Campus & Community / Magazine Feature

Perlmutter says terrorism vs. privacy is the next great debate

It took about 70 years from the time of man’s first flight for airlines to implement passenger security screening. It’s taken far fewer years since the 2001 World Trade Center attacks for the concept of security to begin butting up against issues of personal privacy.

Colorado Rep. Ed Perlmutter, D-Golden, joined the National Center for Intermodal Transportation and the Mountain-Plains Consortium Feb. 21, challenging members to help establish the line between security and civil rights.

“Americans are a mobile people who take their ability and right to move from point ‘A’ to point ‘B’ very seriously,” Perlmutter said. “It is a really difficult balancing act between security and liberty.”

The congressman, speaking at the one-day Intermodal Transportation Safety and Security workshop on the DU campus, was one of several experts invited to participate. The event was co-hosted by DU’s Intermodal Transportation Institute. Other participants included retired Gen.

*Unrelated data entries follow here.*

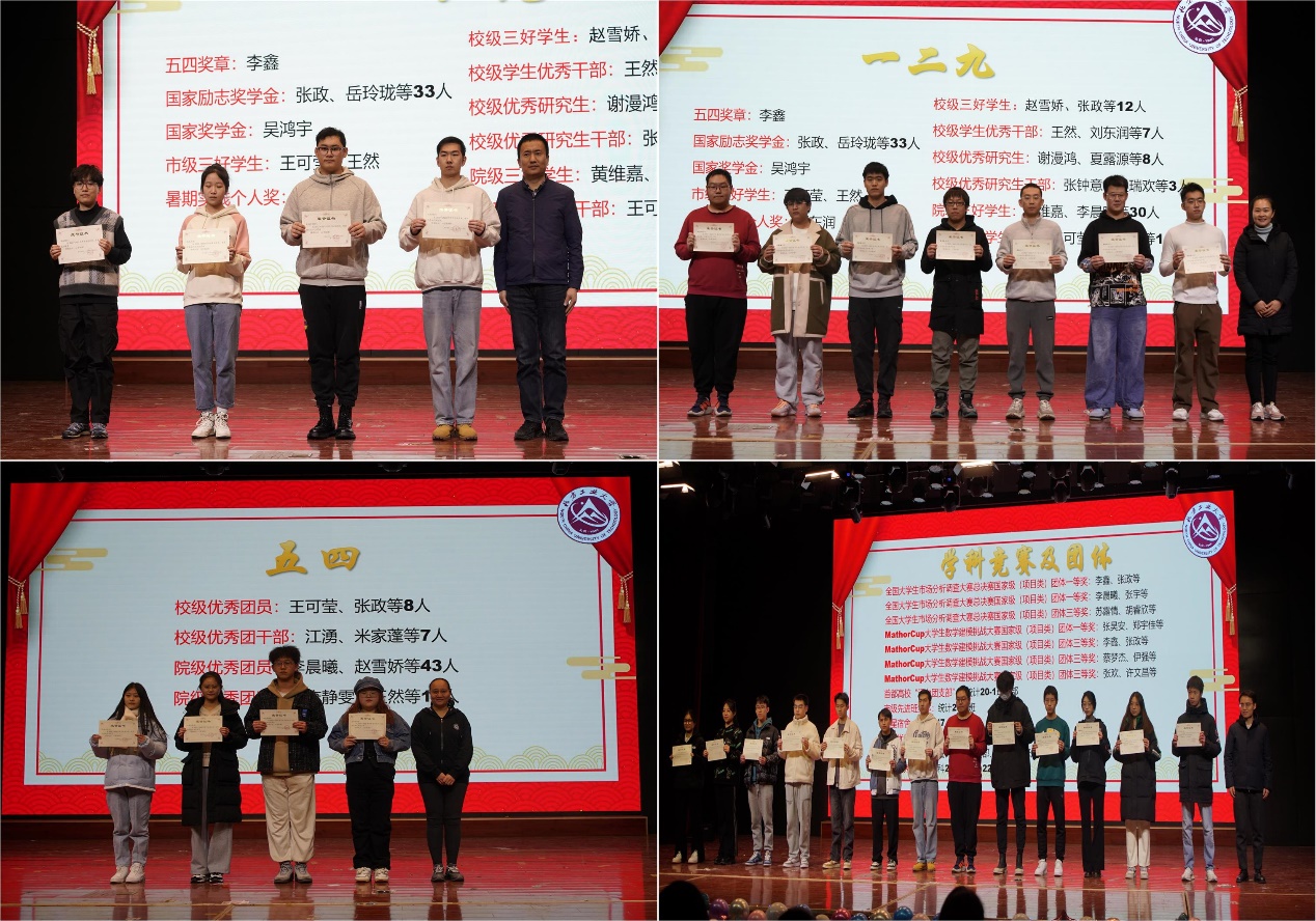 颁奖环节中,贺映勇为获得国家奖学金、国家励志奖学金、市级三好员工、公司五四青年奖章的员工代表颁奖;夏丹梅为获得暑期社会实践先进个人、校院两级三好员工、校院两级优秀员工干部、校级优秀研究生干部、校级优秀研究生的员工代表颁奖;曹琪为获得校级院级优秀团员和优秀团干部的员工代表颁奖;熊敏为获得重大竞赛获奖、首都高校“活力团支部”、市级先进班集体、校级优秀班级、校级优秀团支部、院级优秀班级和院级五星宿舍的员工代表颁奖。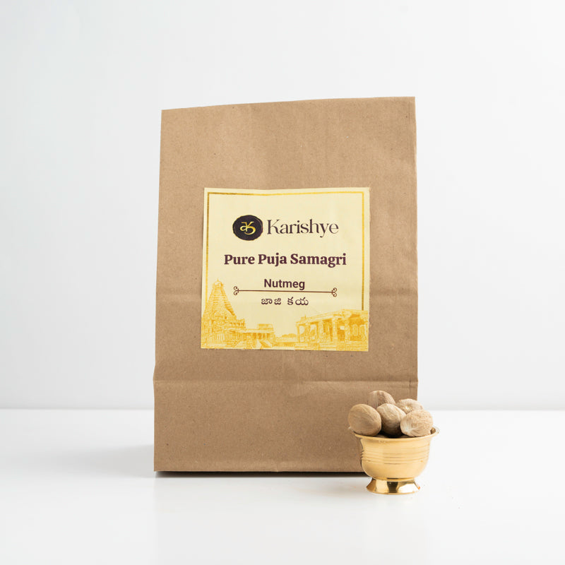 In Hinduism, nutmeg is commonly used as an offering to deities, particularly Lord Shiva, who is known to be fond of the spice. It is also used in various Pooja rituals, such as during the lighting of lamps, to invoke positive energies and ward off negativity,Apart from its religious significance, nutmeg is also known for its medicinal properties. It is believed to have anti-inflammatory, antiseptic, and analgesic properties, and is used in Ayurvedic medicine to treat various ailments, including digestive issues, insomnia, and anxiety.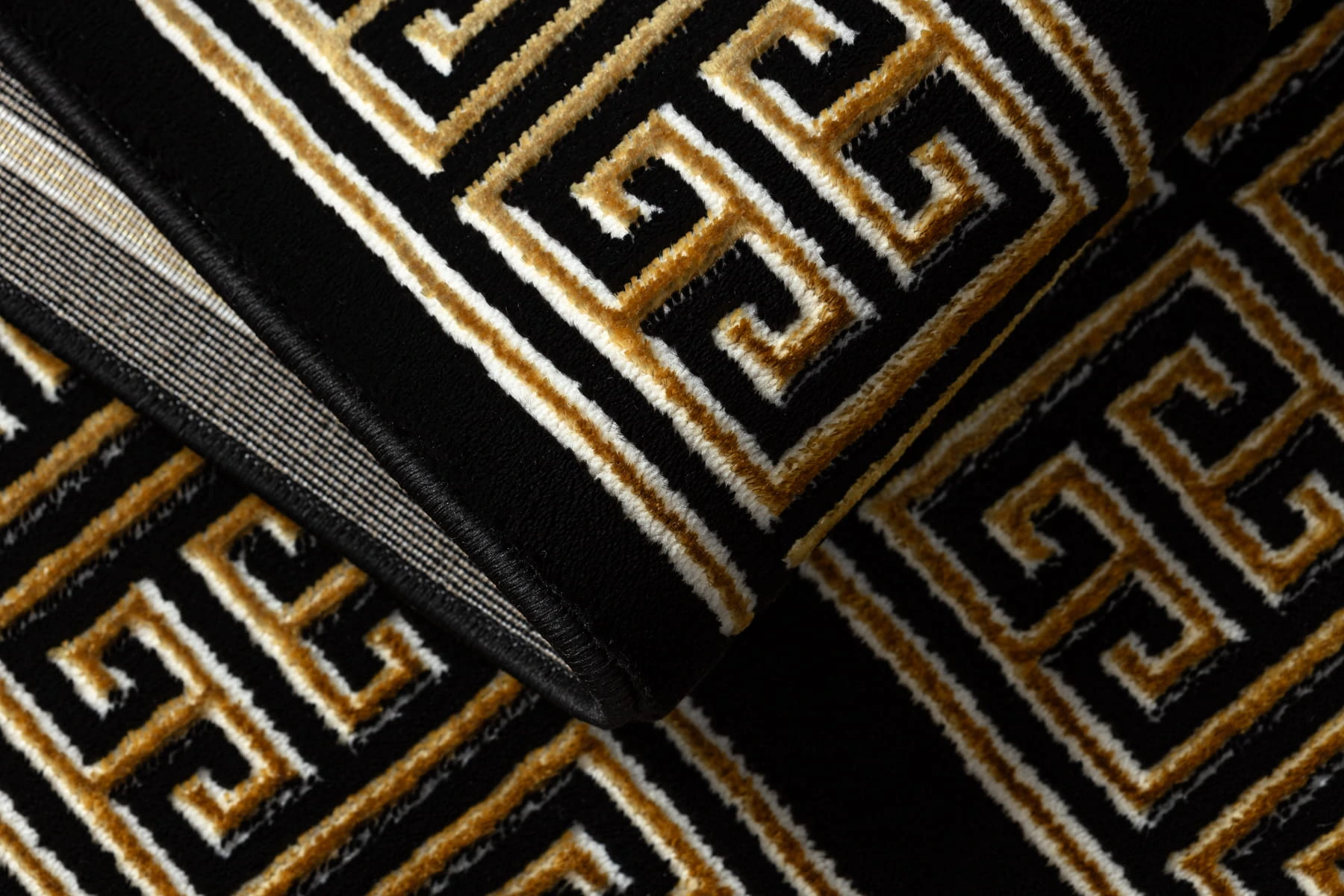 Czarno-złoty dywan z klasycznym wzorem greckiego klucza w ramce, który nada korytarzowi elegancki, tradycyjny charakter.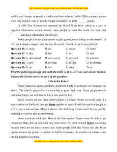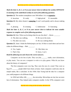 the past a simple computer was the size of a room. Now it can go in your pocket! Question 26. A. make B. do C. create D. finish Question 27. A. that B. but C. so D. and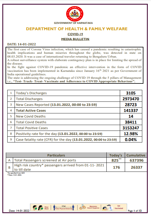 Karnataka Health Minister K. Sudhakar said Covid cases have doubled in the state in three days during the 3rd wave, much faster than the first two waves. Meanwhile, test positivity rate in Bengaluru has hit 20 per cent as cases rose to 18,374 on Friday, he said.

Mason Whitney, director of the Governor’s Office of Homeland Security, and authorities on homeland, airport, cargo and commercial transportation.

“We’re in the process of asking people to share with us their thoughts and ideas on many issues of transportation and security,” said Patrick Sherry, director of the National Center for Intermodal Transportation.

Sherry said the workshop would help frame the discussion and educational outreach in the coming year.

While the first non-combat attack on an American passenger plane came in the 1950s, and hijacking became a concern in the 1960s, it wasn’t until 1973 that airlines began security screenings, Perlmutter said. But after Sept. 11, the government has ramped up security at an increasing pace, banning liquids, requiring passengers to go through tough screening procedures and to even take off their shoes.

“Help us to try to figure out when we’ve gone too far,” Perlmutter said.

As a member of the House Committee on Homeland Security, Perlmutter said he’s concerned not only with airlines, which present a direct point of contact with passengers for security screening, but also with rail and public transportation systems, which offer would-be attackers multiple points of contact.

In addition to securing rail yards and guarding against the sabotage of rail cars carrying harmful chemicals through urban areas, Perlmutter said there may need to be better security solutions for commuters who ride light rail and buses to work. Airline passengers may put up with half-hour waits at screening stations because flying is relatively rare. But for a daily commute, strict screenings would likely be unworkable, he said.

One area of research already in the works is taking place in Colorado. At a government facility for transportation technology research outside of Pueblo, Perlmutter said officials are designing simulated light rail and subway systems to study ways of stopping commuter and rail terrorism.

No government can guarantee absolute security, the congressman said. But he promised the United States is doing everything it can to protect people.